Explanation: Subqueries are easier to read for simple comparisons but can be slower as they execute repeatedly (correlated) or independently (non-correlated). Joins are more performant for complex relationships and allow indexing optimization. Use subqueries for readability in WHERE clauses, joins for SELECT/FROM clauses.

### 1b. Explain EXISTS operator with an example. (2 marks)
Question: Explain EXISTS operator with an example.

```sql
-- EXISTS returns TRUE if subquery returns any rows (doesn't fetch data)
-- Faster than IN for large datasets as it stops at first match

SELECT DISTINCT location
FROM bangalorehouses h1
WHERE EXISTS (
    SELECT 1 
    FROM bangalorehouses h2 
    WHERE h2.location = h1.location 
    AND h2.bath > 3
);
```

Explanation: EXISTS checks for existence only (uses semi-join internally), returning TRUE/FALSE immediately upon finding a match. Unlike IN (which transfers all subquery results), EXISTS is more efficient for large tables. Correlated subquery executes once per outer row.

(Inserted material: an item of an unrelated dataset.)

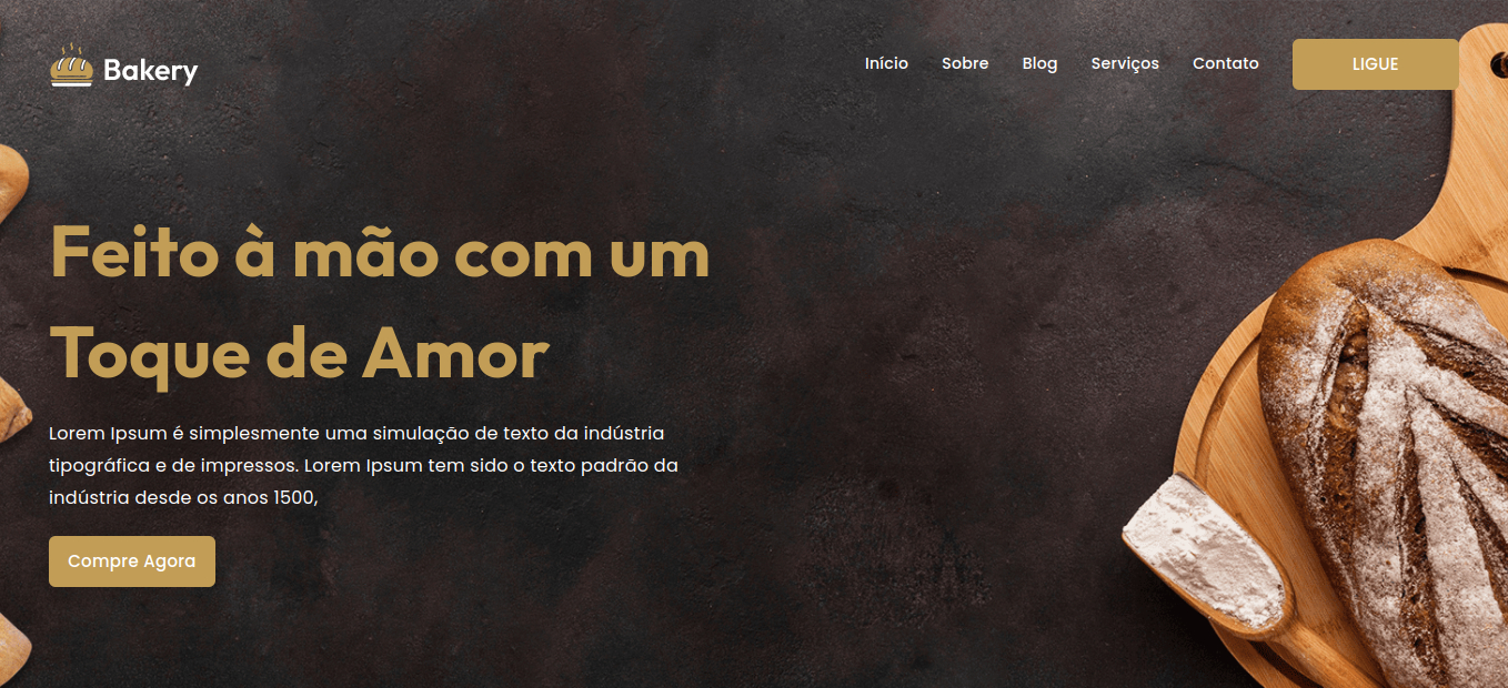 O site "Padaria" oferece um modelo de site ideal para padarias.

### 1c. State the difference between Primary key and candidate key. (2 marks)
Question: State the difference between Primary key and candidate key.

Answer:

- Primary Key: One chosen candidate key that uniquely identifies each row, cannot be NULL, no duplicates

- Candidate Key: Any column(s) that can uniquely identify rows (may have NULLs, multiple possible)

MySQL Example:

```sql
-- Candidate keys: customerNumber, (customerName+phone)
-- Primary key: customerNumber (chosen one)
CREATE TABLE customers (
    customerNumber INT PRIMARY KEY,
    customerName VARCHAR(50),
    phone VARCHAR(50)
);
```

Explanation: All primary keys are candidate keys, but not vice versa. Primary key enforces NOT NULL + UNIQUE + referenced in foreign keys. Candidate keys qualify but aren't designated as primary.

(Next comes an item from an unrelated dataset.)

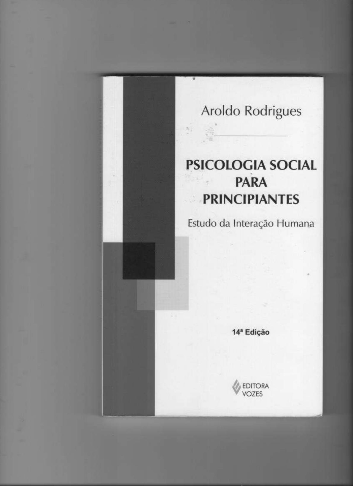 <p>Aroldo Rodrigues PSICOLOGIA SOCIAL PARA PRINCIPIANTES Estudo da Interação Humana Edição EDITORA VOZES</p><p>ABDR ASSOCIAÇÃO DE Dados Internacionais de Catalogação na Publicação (CIP) (Câmara Brasileira do Livro, SP, Brasil) Rodrigues, 1933- Psicologia social para principiantes : Estudo da interação humana Aroldo Rodrigues - 14. ed. - RJ : 2012. Bibliografia reimpressão, 2018. ISBN 978-85-326-0839-0 1. Psicologia social I. 05-1303 CDD-302 Índices para catálogo sistemático: 1. Psicologia social 302</p><p>1 Como é o "social" da psicologia social? A psicologia social e o estudo da depen- dência e da interdependência entre as pes- soas. Robert B. Zajone um estudante universitário muito preocupado com pro- blemas sociais. Pertence ao Diretório filiado a um partido de esquerda, participa ativamente de movimentos tanto no ambiente restrito da universidade como no da comunidade em que vive, e não se furta adar sua colaboração quando seu partido dele necessita para participar de atividades de estadual ou Embora não seja estudante de psicologia, Fer- nando decidiu matricular-se no curso Psicologia Social oferecide pelo departamento de psicologia de sua Seu ao não era outro senão de melhor para de- sempenho de sua atividade em geral e. mais especificamen- te, aprender a lidar com as massas e habilitar-se melhor para resol- ver os graves problemas sociais dos do Terceiro Fer- nando é uma aluno e interessado. Entretanto, após dois me- ses e meio de ele decidiu trancar a matrícula na disciplina e disse para si mesmo! "Que vim cu fazer aqui? Nunca pensei que num curso de psicologia social se pudesse passar quase três meses sem uma referência sequer aos problemas da miséria, da injustiça social, da violência urbana, da distribuição de do menor abandonado, enfim. dos graves problemas sociais que estão a exi- gir solução urgente. Não estou para saber como se formam as atrações interpessoais, nem como uma unanimidade errada influen-</p><p>cia julgamento de nem por que minhas atribuições susci- de interação social. Como esse convívio social, essa interação, não se pro- tam determinadas emoções e e muito menos para cessam num vácuo mas sim numa sociedade. com suas tradições, entender por que procuro justificar um comportamento a influências e condicionamentos é esperar-se que minhas Vou deixar este curso já, pois isto de a psicologia social possa contribuir com subsídios importantes para aqueles social não tem nada!" setores do saber cujo objeto primordial de estudo é a sociedade e não indi- A reação de Fernando é muito comum, tanto entre estudantes que ingres- víduo em sociedade e para as pessoas que se preocupam em resolver os pro- sam pela primeira vez num curso de psicologia social, como entre pessoas blemas sociais por meio de ativismo É errôneo pensar, todavia, que que procuram inteirar-se dos ensinamentos desta disciplina por meio de li- tais objetivos constituam a preocupação principal do social. vros, participação em conferências etc. Acredito mesmo que a maioria dos leitores interessados em Psicologia social para principiantes tenha uma ex- Estudando cientificamente processo de interação entre as pes- pectativa mais ou menos parecida com a de Esperam encontrar na soas, a psicologia social permite que se tenha uma melhor com- psicologia social elementos que lhes possam facilitar entendimento e a preensão do comportamento social humano. solução dos graves problemas sociais que enfrentamos na sociedade atual. Se leitor for mais paciente que o aluno de nosso exemplo acredita- mos que ele não sairá totalmente decepcionado ao concluir a leitura deste Fernando ao trancar a matrícula no curso de Psico- livro. Verá que a psicologia social pode, de contribuir para o melhor logia Social I. Embora seu não fosse exatamente que ele espera- entendimento de vários problemas sociais e até fornecer subsídios para a ao final do mesmo ele teria acumulado conhecimentos úteis para serem solução de alguns deles. Jamais todavia, receitas prontas para utilizados na ocasião oportuna. Afinal, a sociedade, apesar de não ser a soma serem seguidas de acordo com a natureza do problema a ser enfrentado. É das características das pessoas que a integram, é constituída por pessoas que preciso logo de início, de que a essência de um sobre se relacionam com outras em seu dia a dia. Entender as causas do comporta- psicologia social versará sobre a interação humana, ou seja, sobre os com- mento social e do pensamento ensejado pelo contato com os outros dei- portamentos e pensamentos ensejados pelo fato de vivermos em constante xa de ser algo muito relevante e com possibilidades de aplicações em qual- relacionamento com outras pessoas. o objeto principal da psicologia social é quer situação em que mais de uma envolvida. indivíduo em sociedade e não a sociedade propriamente dita. fato de não Não foi só do curso, que aborreceu Fernando, vivermos isoladamente mas. ao de estarmos em constante intera- levando-o a trancar a matrícula. A utilização do método ção com nossos familiares, com nossos amigos, com nossos inimigos, com com manipulação de variáveis independentes e verificação de seus efei- nossos chefes, com nossos subordinados, com nossos pares, com pessoas tos nas variáveis dependentes, seguido de análises estatísticas complica- que conhecemos bem, com pessoas que conhecemos com pessoas que das no tratamento dos dados obtidos, tal como descrito na maioria dos admiramos, com aquelas que desprezamos, com as que participam de nossos estudos reportados em aula pelo foi demais para valores, com as que a eles se a circunstância de sermos ani- Parecia que ele estava cursando uma disciplina num departamento de mais sociais que não podem prescindir do relacionamento com outro, faz naturais, na qual a matéria é manipulada pelo experimentador para a com que nosso pensamento e nosso comportamento sejam afetados por e

### 1d. Mention the difference between TRUNCATE and ROUND functions. (2 marks)
Question: Mention the difference between TRUNCATE and ROUND functions.

```sql
SELECT 
    price,
    ROUND(price, 0) as rounded,      -- 39.07 -> 39
    TRUNCATE(price, 0) as truncated; -- 39.07 -> 39 (no rounding)
FROM bangalorehouses LIMIT 1;
```

Explanation:

- ROUND(x, d): Rounds to d decimal places (39.5 -> 40)

- TRUNCATE(x, d): Truncates toward zero (39.9 -> 39, -39.9 -> -39)
Both remove decimals but ROUND considers mathematical rounding rules.

### 1e. Can we use aggregate functions in where clause? Justify your answer. (2 marks)
Question: Can we use aggregate functions in where clause? Justify your answer.

Answer: No, aggregate functions cannot be used directly in WHERE clause.

Correct approach - Use HAVING:

```sql
-- WRONG - Fails
SELECT location, AVG(price)
FROM bangalorehouses 
WHERE AVG(price) > 100  -- ERROR!

-- CORRECT - Use HAVING
SELECT location, AVG(price)
FROM bangalorehouses 
GROUP BY location
HAVING AVG(price) > 100;
```

Explanation: WHERE filters rows before GROUP BY/aggregation. HAVING filters groups after aggregation. Use subquery for WHERE aggregate filtering.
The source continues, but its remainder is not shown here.